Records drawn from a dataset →
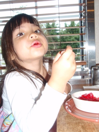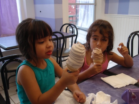 At Truly Yogurt, Aurora and Saavedra get kiddie cones that are as big as their heads!
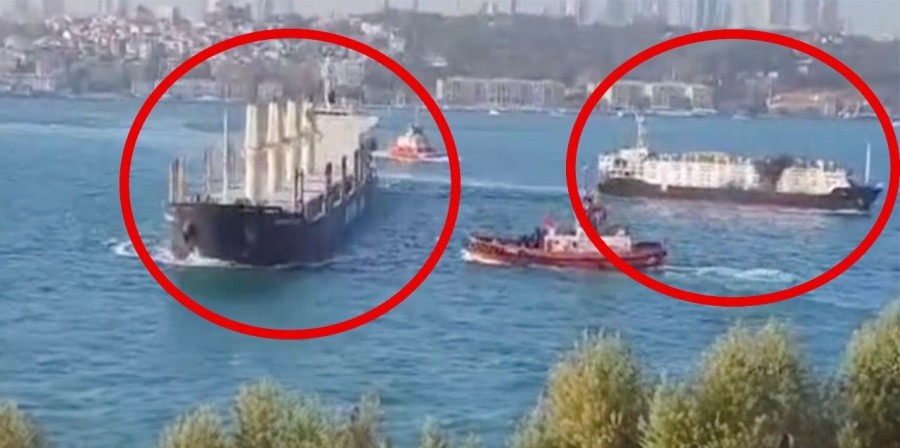 İstanbul Boğazı'nda iki gemi çarpıştı. Dümeni kilitlenen gemilerden biri kıyıya sürüklendi.
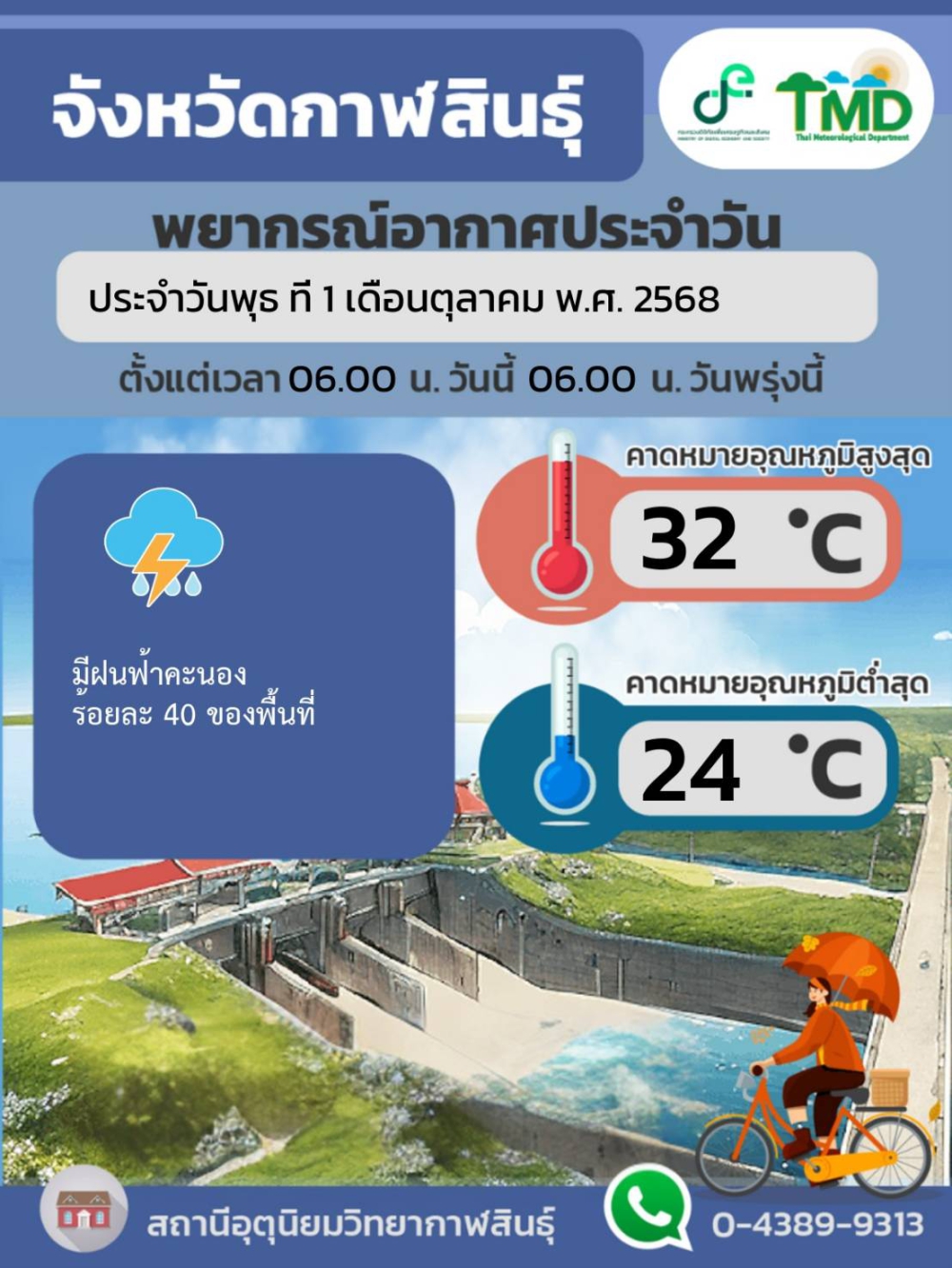 พยากรณ์อากาศจังหวัดกาฬสินธุ์ 1 ตุลาคม 2568
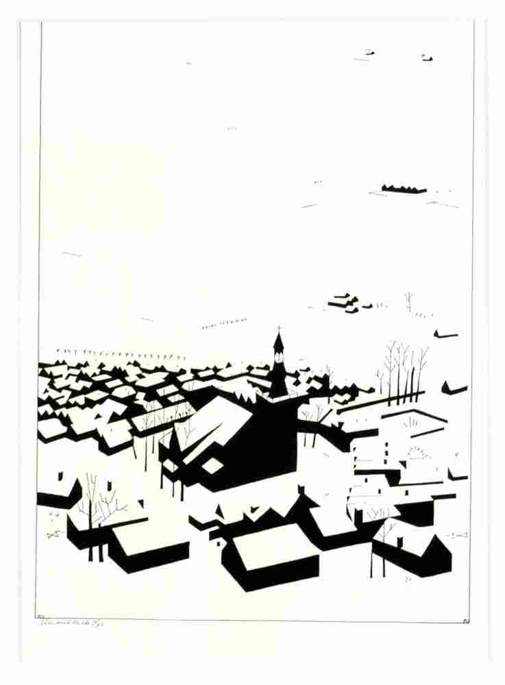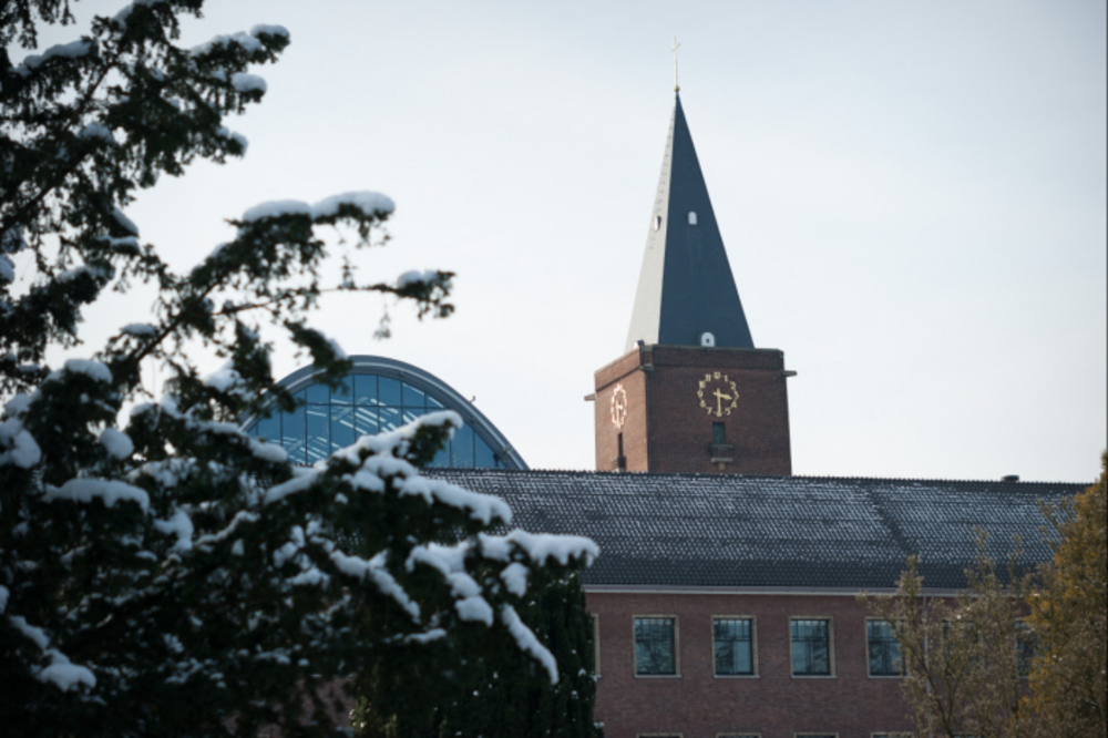 Stadsgezicht met kerk in de sneeuw
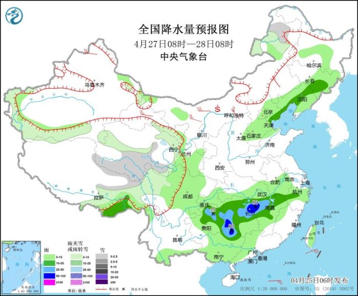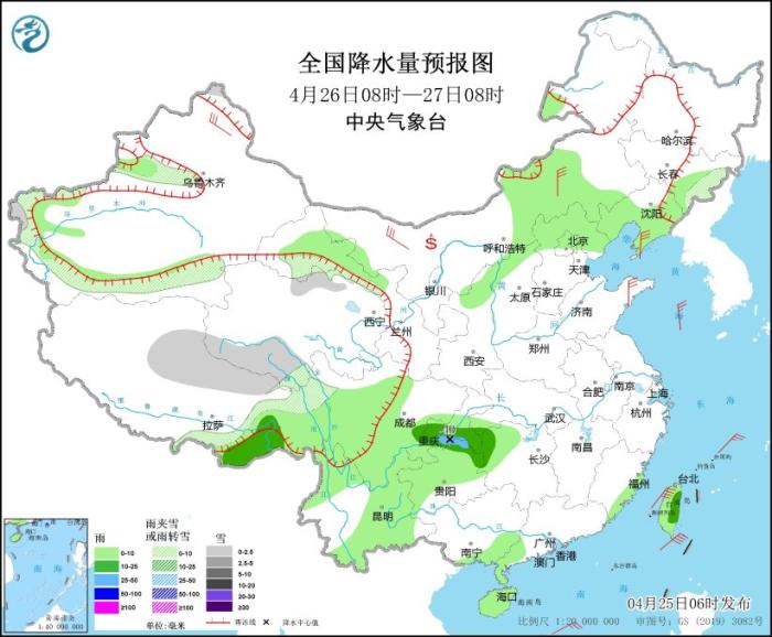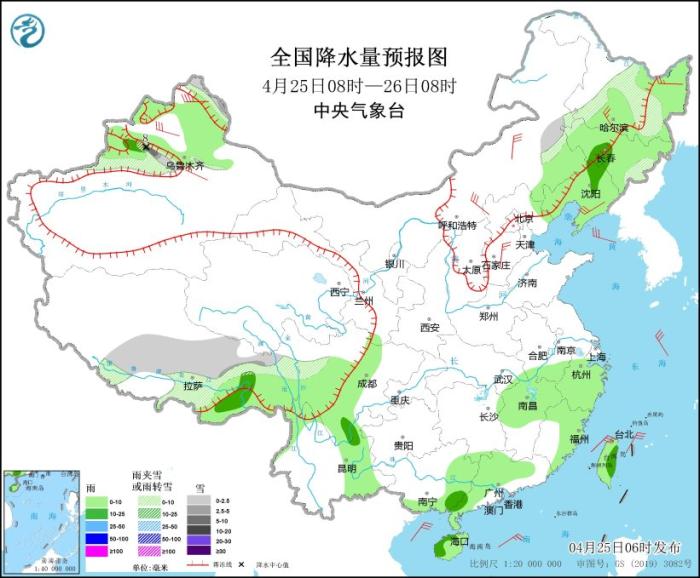 4月25日08時至26日08時,新疆北疆北部和沿天山地區(qū)、內(nèi)蒙古東部、黑龍江中東部和西部、吉林東部、西藏東北部和南部、川西高原北部等地部分地區(qū)有小到中雪或雨夾雪,其中,新疆沿天山地區(qū)局地有大雪。新疆北部、內(nèi)蒙古東南部、東北地區(qū)大部、西藏東南部、四川盆地西部、云南東部、江南中東部、華南中北部和南部、臺灣島等地部分地區(qū)有小到中雨。新疆北部、內(nèi)蒙古中東部、東北地區(qū)大部、華北北部等地部分地區(qū)有4~6級風,其中,新疆北疆北部部分地區(qū)有6~7級風。渤海、渤海海峽、黃海北部海域、東海北部海域?qū)⒂?~7級、陣風8級的風。
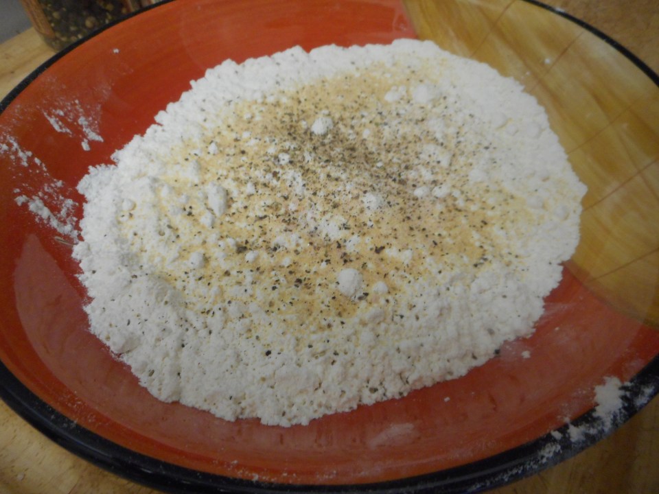 ← Previous Next → Chicken Bellagio 3 Make a seasoned flour with garlic powder, salt, and pepper in the flour.
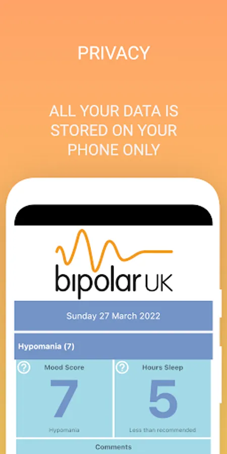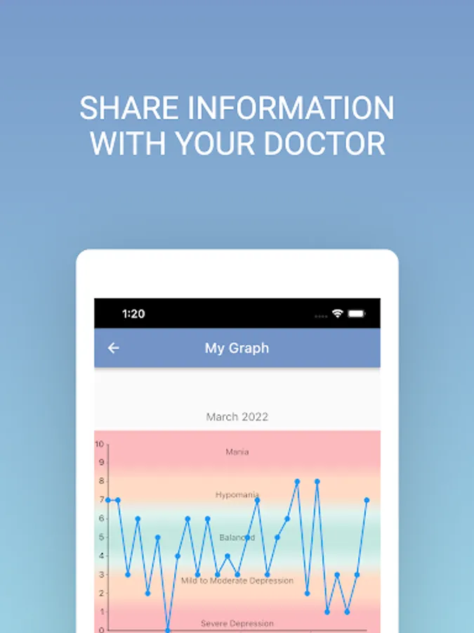 Bipolar UK’s mood tracker allows you to record your daily mood, medications and emotions. You can use the weekly and monthly overviews to:
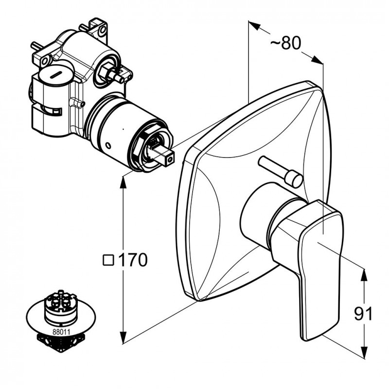 Встраиваемый смеситель для душа с термостатом, внешняя монтажная часть.
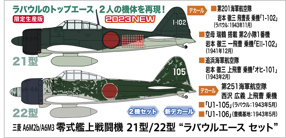 1/72 A6M2B/A6M3 Zero Fighter Type 21/22 Rabaul Ace set
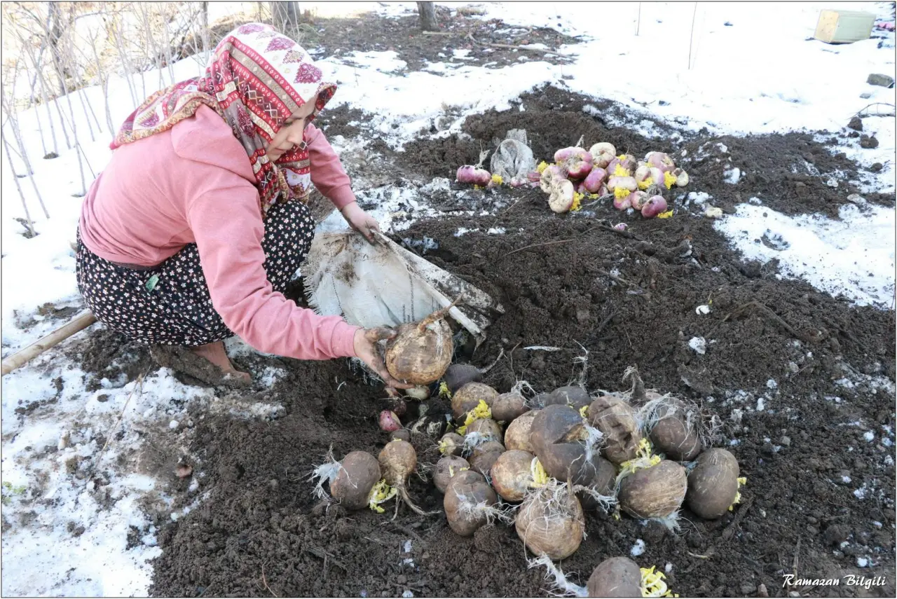 Bölgede yaşayan vatandaşlar, güz aylarında hasadı yapılan sebzeleri, kış boyunca tüketebilmek için toprak altına gömerek muhafaza ediyor. Karla kaplı ve yılın büyük bölümünde soğuk kalan toprak sayesinde ürünler, herhangi bir kimyasal ya da modern soğutma sistemi kullanılmadan aylarca bozulmadan saklanabiliyor.

PROBLEM REQUIREMENTS → Please print the lines above exactly, beginning at the first line of the entries and ending at the line holding "1/72 A6M2B/A6M3 Zero", and leave the pictures out.

RESULT →
 At Truly Yogurt, Aurora and Saavedra get kiddie cones that are as big as their heads!
 İstanbul Boğazı'nda iki gemi çarpıştı. Dümeni kilitlenen gemilerden biri kıyıya sürüklendi.
 พยากรณ์อากาศจังหวัดกาฬสินธุ์ 1 ตุลาคม 2568
 Stadsgezicht met kerk in de sneeuw
 4月25日08時至26日08時,新疆北疆北部和沿天山地區(qū)、內(nèi)蒙古東部、黑龍江中東部和西部、吉林東部、西藏東北部和南部、川西高原北部等地部分地區(qū)有小到中雪或雨夾雪,其中,新疆沿天山地區(qū)局地有大雪。新疆北部、內(nèi)蒙古東南部、東北地區(qū)大部、西藏東南部、四川盆地西部、云南東部、江南中東部、華南中北部和南部、臺灣島等地部分地區(qū)有小到中雨。新疆北部、內(nèi)蒙古中東部、東北地區(qū)大部、華北北部等地部分地區(qū)有4~6級風,其中,新疆北疆北部部分地區(qū)有6~7級風。渤海、渤海海峽、黃海北部海域、東海北部海域?qū)⒂?~7級、陣風8級的風。
 ← Previous Next → Chicken Bellagio 3 Make a seasoned flour with garlic powder, salt, and pepper in the flour.
 Bipolar UK’s mood tracker allows you to record your daily mood, medications and emotions. You can use the weekly and monthly overviews to:
 Встраиваемый смеситель для душа с термостатом, внешняя монтажная часть.
 1/72 A6M2B/A6M3 Zero Fighter Type 21/22 Rabaul Ace set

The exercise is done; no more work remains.